普通のサラリーマンがFXで取引するには向いていない通貨だと思います。NZDを取引するなら、反応方向を確認してから追いかけてポジションが取っても、大きくpipsが稼ぎやすい指標だけが適しています。それにはRBNZ政策金利発表時の取引だけしか薦められません。
【4-6-2. 現状チャート】
週足チャートを下図に示します。Wトップのネックを下抜けし、下降トレンド中です。
細い青線のレジスタンスと細い赤線のサポートは、幅2.5円の下降チャネルを形成しています。今週はこの幅が76.3-78.8円を示しています。
太い青線のレジスタンス83.5円(±1円)は、2006年12月-2017年1-3月高値付近・2013年4-5月高値付近・2015年12月高値付近・2016年12月-2017年1月高値付近を結んだ線です。そして、太い赤線のサポートは、2016年6月下旬安値・同年10月中旬安値・同年11月中旬安値を結んだ線です。先週、このサポートを下抜けていますが、こうした長期線からの1円・2円のズレは珍しくありません。サポートは今週79円付近となっています。
太い赤線のサポートの下抜けが続くと、次は74.3円付近(±1円)に2007年7月上旬から引ける強いサポートがあるようです。
【4-6-3. 現状テクニカル】
SMAは、下からSMA(1日)・SMA(5日)・SMA(21日)の配置で、下降トレンド配置が継続し、各線の幅が広がりつつあるようにも見受けられます。
SMAよりもRSIの方が注目に値します。RSI(14日)は先週末時点で33%で、先々週の25.9%・先週の27%よりも増加しています。ダイバージェンスです。但し、ダイバージェンスは、いつトレンド転換するのかを検証して有効な結論を得た例を知りません。
【4-6-4. 現状ファンダメンタル】
直近の両国10年債金利と株価の動きを示します。それぞれの動きはご自身でご確認ください。
以下、日NZの金利差の前週との差を「Δ金利差」と表記します。また、日NZの主要株価指標の比の前週との差を「Δ株価比差」と表記します。
通常時の金利と株価の動きは、方向が反対になりがちなことが知られています。通常時には、為替が金利>株価の影響を受けることも知られています。何が原因で何が結果かはよくわかりませんが、これらの関係が成り立たないときは通常時でないことならわかります。自然な動きのときは参考にしても、不自然なときには参考にしない、が基本です。不自然なときには逆に考える、ではありません。理屈が通らない以上、参考にしない、が基本です。

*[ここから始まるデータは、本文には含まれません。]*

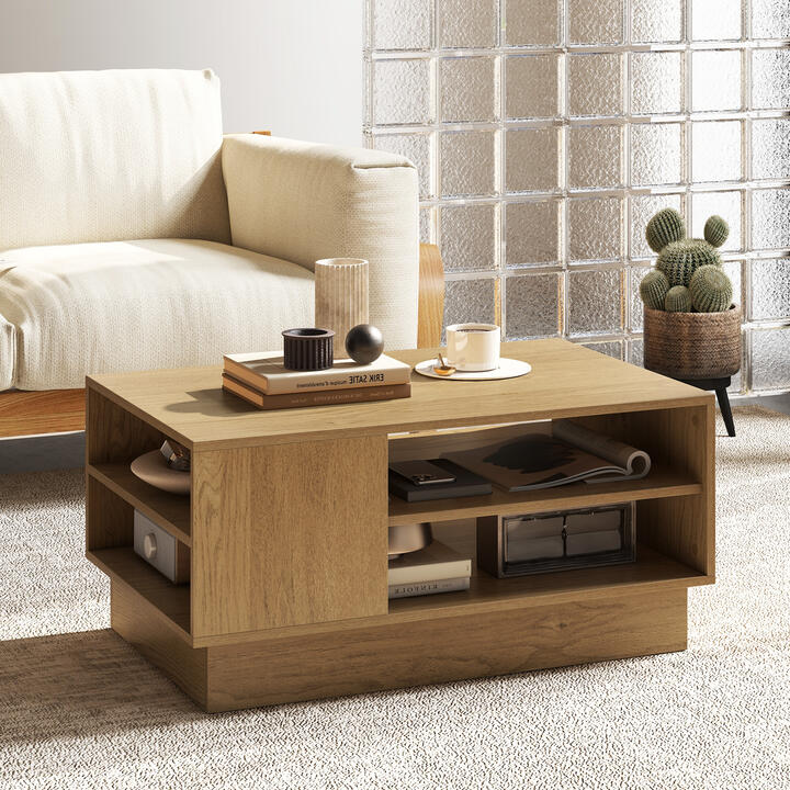 Upgrade your living room with this stunning centerpiece that not only commands attention with its pristine white hue and sleek contemporary lines but also keeps your space clutter-free! Imagine a coffee table that can support up to 100 kg, allows you to store all your essentials neatly, and doubles as your work or snack station! No more bumping into sharp corners thanks to its clever recessed base design. Perfect for bustling homes needing that touch of modern elegance and practicality. Don’t miss out – make this multifunctional masterpiece yours and revel in a tidier, more stylish living space! Bullet Point:Dual-Tier Storage: This coffee table features 2-tier storage shelves, offering ample space to keep books, magazines, or decorative items organized and easily accessible. Enhance your living room’s functionality and aesthetic with this elegantly structured piece. Spacious Tabletop, Multifunctional Use: Boasting a generous tabletop, this center table provides a perfect platform for everything from your morning coffee to evening snacks, also ideal as a work surface for your laptop or creative projects. Thus, it is an ideal addition to living room. Robust Construction: Crafted with high-density engineered wood boards to ensure durability, this accent table supports up to 100 kg. Equipped with non-slip foot pads, it stands stable and sturdy, preventing floor scratches and ensuring your peace of mind. Recessed Base Design: Designed with a smart recessed base, this rectangle coffee table prevents the common issue of bumping or knocking your feet against the table’s base, making it a safer choice for busy households. Contemporary Style: With simple lines and a clean white finish/rustic wood grain finish, this modern coffee table easily complements any modern living space. Its contemporary flair makes it an outstanding centerpiece that elevates the style quotient of your home decoration. Specification:Colour: White/NaturalMaterial: Engineered WoodOverall Dimensions: 86 x 56 x 41 cm (L x W x H)Dimensions of Compartment: 84.5 x 53.5 x 13 cm (L x W x H)Width of Side Opening: 54.5 cmBase Height: 11 cmWeight Capacity of Tabletop: 60 kgWeight Capacity of Shelf: 20 kgNet Weight: 18 kg Package Includes:1 x Coffee Table1 x User Manual

下図は、上から「方向とボラティリティ」「Δ金利差」「Δ株価比差」を表しています。
先週は、今年一番の値幅が動きました。リスク回避でJPYが買われNZDが売られたため、NZDJPYは大きく下降しました。
金利と株価を見てみましょう。
Δ金利差は、今年に入って11週のうち6週しかNZDJPYと同方向になっていません。Δ株価比差は11週のうち6週がNZDJPYと逆方向です。米欧英と違って、NZDJPYとΔ金利差の方向一致回数や、NZDJPYとΔ株価比差の不一致回数は、あまり相関が高いようには見えません。

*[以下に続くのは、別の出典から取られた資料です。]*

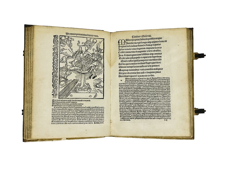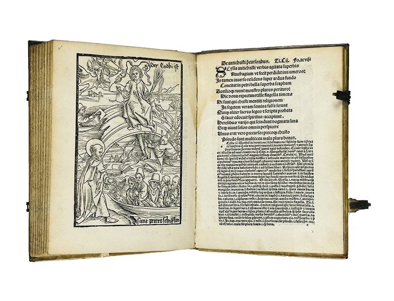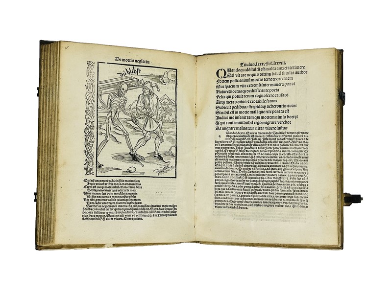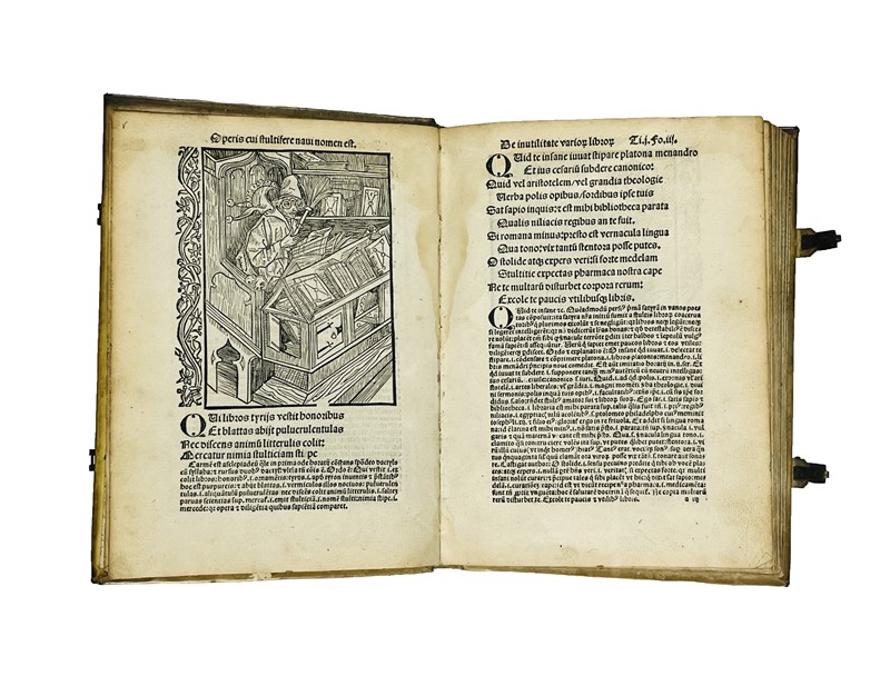 In 4to. 204x145 mm. Legatura del XVII secolo, pergamena rigida, dorso liscio con titolo manoscritto, fermagli in ottone e pelle, tagli a spruzzo. Carte Cvii, [1]. Il titolo continua con “& lepidissimis Teutonice lingue rithmis decorata: deinde ab Iacobo Lochero philomuso Latinitate donata: & demum ab Iodoco Badio Ascensio vario carminum genere non sine eorundem familiari explanatione illustrata.” Colophon sul recto dell’ultima carta non numerata “Impressum Basilee p[er] Nicolaum Lamparter, M.cccccvij. Die xv. mensis Martij”. Frontespizio in rosso e nero con illustrazione che raffigura la nave, Marca tipografica sotto il Colophon, 115 xilografie nel testo, inclusa quella del titolo, una piena pagina, le altre di tre quarti di pagina, bordate da un fregio decorativo.

先々週からは為替と金利と株価の方向が自然な向きに戻りました。繰り返しますが、為替とΔ金利差が同方向、且つ、為替とΔ株価比差が逆方向、が自然な姿です。今年に入って自然な姿は11週のうち3週しかありません。うち、2週が直近2週です。
ファンダメンタル指標が自然な姿に戻りつつある以上、そろそろ両国の経済指標・金利差・将来性(株価)の関係から、NZDJPYが↑に転換する時期かも知れません。
【4-6-5. 今週以降の注目点】
次回RBNZ政策金利発表を待ちましょう。
【4-6-6. 指標分析一覧】
市場予想がほぼ的中し、且つ、それにも関わらず反応が大きい政策金利にだけ注目しておけば十分です。
A. 政策決定指標
A1. 金融政策
RBNZ政策金利の発表では市場予想がほぼ的中します。そして、他の中銀の政策金利発表時と比較して、「現状維持」のときに発表後の反応が一方向に続く傾向があります。反応方向を確認してから追いかけてポジションが取ってもpipsが稼ぎやすい、という特徴があります。